→ PROBLEM STATEMENT
Retype every line from the start of the data down to and including the line with "Unsere moderne Konstruktion". Skip the pictures.

[INFORMATION SUPPLIED — start]

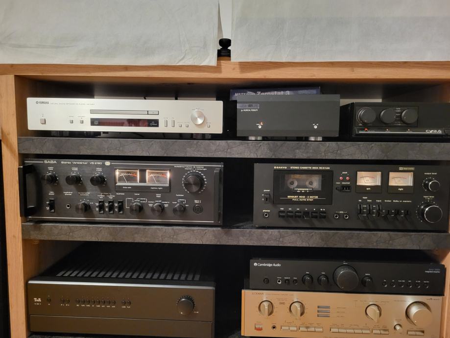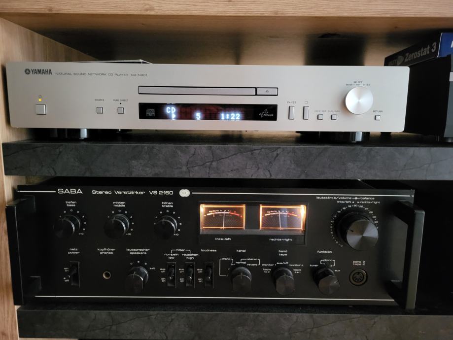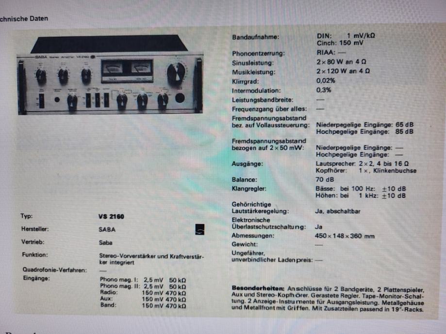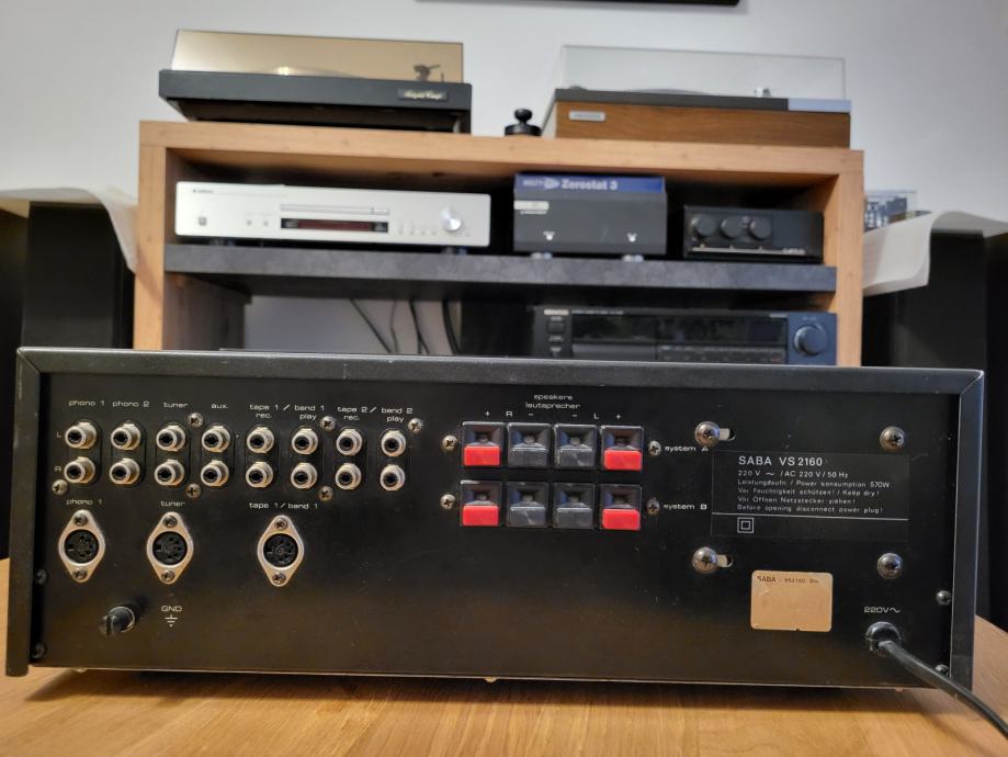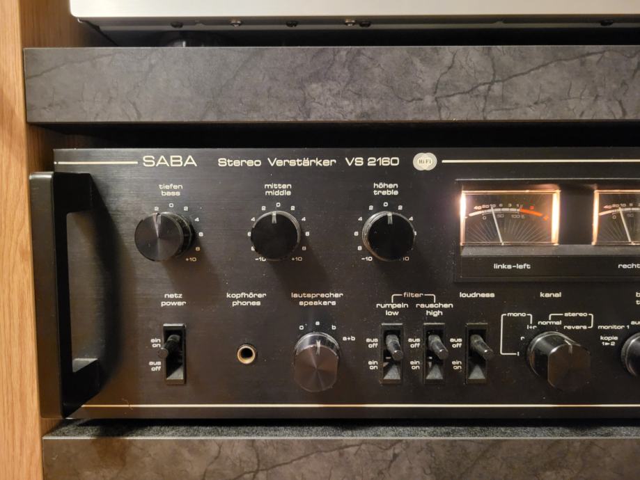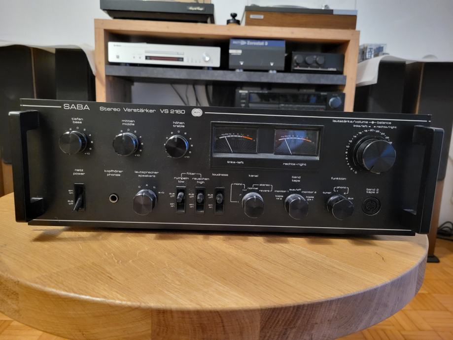 Prekrasno vintage pojačalo koje je jako dobro očuvano i tehnički besprijekorno. Radi se o izvrsnom pojačalu iz 1980. godine (cijena novog je bila 900 DM!!), koje je također vrlo snažno i teško. (2 x 80W sinus na 8 Ohma i teži 10 kg!). Nudi mnoge analogne ulaze i priključke za dva para zvučnika. Ovo pojačalo je zapravo Sanyo DCA 611 izrađeno po narudžbi za SABA Njemačka. Ima dva izvrsna phono ulaza, što je super za vlasnike koji imaju dva gramofona. Pojačalo je pravo zvučno iznenađenje koje nudi izvrsnu dinamiku i vrlo čist, prirodan zvuk. Svi prekidači su besprijekorni i bez ikakvog pucketanja i zujanja. Sa svojim atraktivnim VU mjeračima, nudi pravi užitak ne samo u zvuku već iu vizualizaciji.
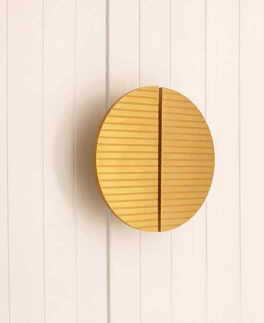 Unsere moderne Konstruktion aus gebürstetem, massivem Messing mit halbmondförmigen Schrankgriffen mit „ Streifenmuster “ bilden nach dem Zusammensetzen einen vollständigen Kreis und bringen Luxus in jedes Zuhause.
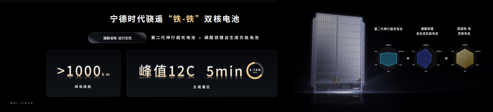 鐵-鐵雙核電池:第二代神行超充電池+磷酸鐵鋰自生成負(fù)極電池,在軸距接近3米的車型上可輕松實(shí)現(xiàn)千公里純電續(xù)航,同時(shí)讓每公里通勤成本低至1毛錢。
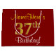 This simple, elegant birthday gift bag design features a personalised message like "NameHere’s 37th Birthday!" (with the "37th" having a faux/imitation gold-like colouring look) on a red coloured background. The name is in script-like, yellow-coloured text, and can be personalised. A personalised birthday gift bag like this could perhaps be used when giving a present or gift to somebody who is celebrating their thirty seventh birthday. [~Z0000253]

[INFORMATION SUPPLIED — finish]

→ ANSWER TO THIS EXERCISE
 Prekrasno vintage pojačalo koje je jako dobro očuvano i tehnički besprijekorno. Radi se o izvrsnom pojačalu iz 1980. godine (cijena novog je bila 900 DM!!), koje je također vrlo snažno i teško. (2 x 80W sinus na 8 Ohma i teži 10 kg!). Nudi mnoge analogne ulaze i priključke za dva para zvučnika. Ovo pojačalo je zapravo Sanyo DCA 611 izrađeno po narudžbi za SABA Njemačka. Ima dva izvrsna phono ulaza, što je super za vlasnike koji imaju dva gramofona. Pojačalo je pravo zvučno iznenađenje koje nudi izvrsnu dinamiku i vrlo čist, prirodan zvuk. Svi prekidači su besprijekorni i bez ikakvog pucketanja i zujanja. Sa svojim atraktivnim VU mjeračima, nudi pravi užitak ne samo u zvuku već iu vizualizaciji.
 Unsere moderne Konstruktion aus gebürstetem, massivem Messing mit halbmondförmigen Schrankgriffen mit „ Streifenmuster “ bilden nach dem Zusammensetzen einen vollständigen Kreis und bringen Luxus in jedes Zuhause.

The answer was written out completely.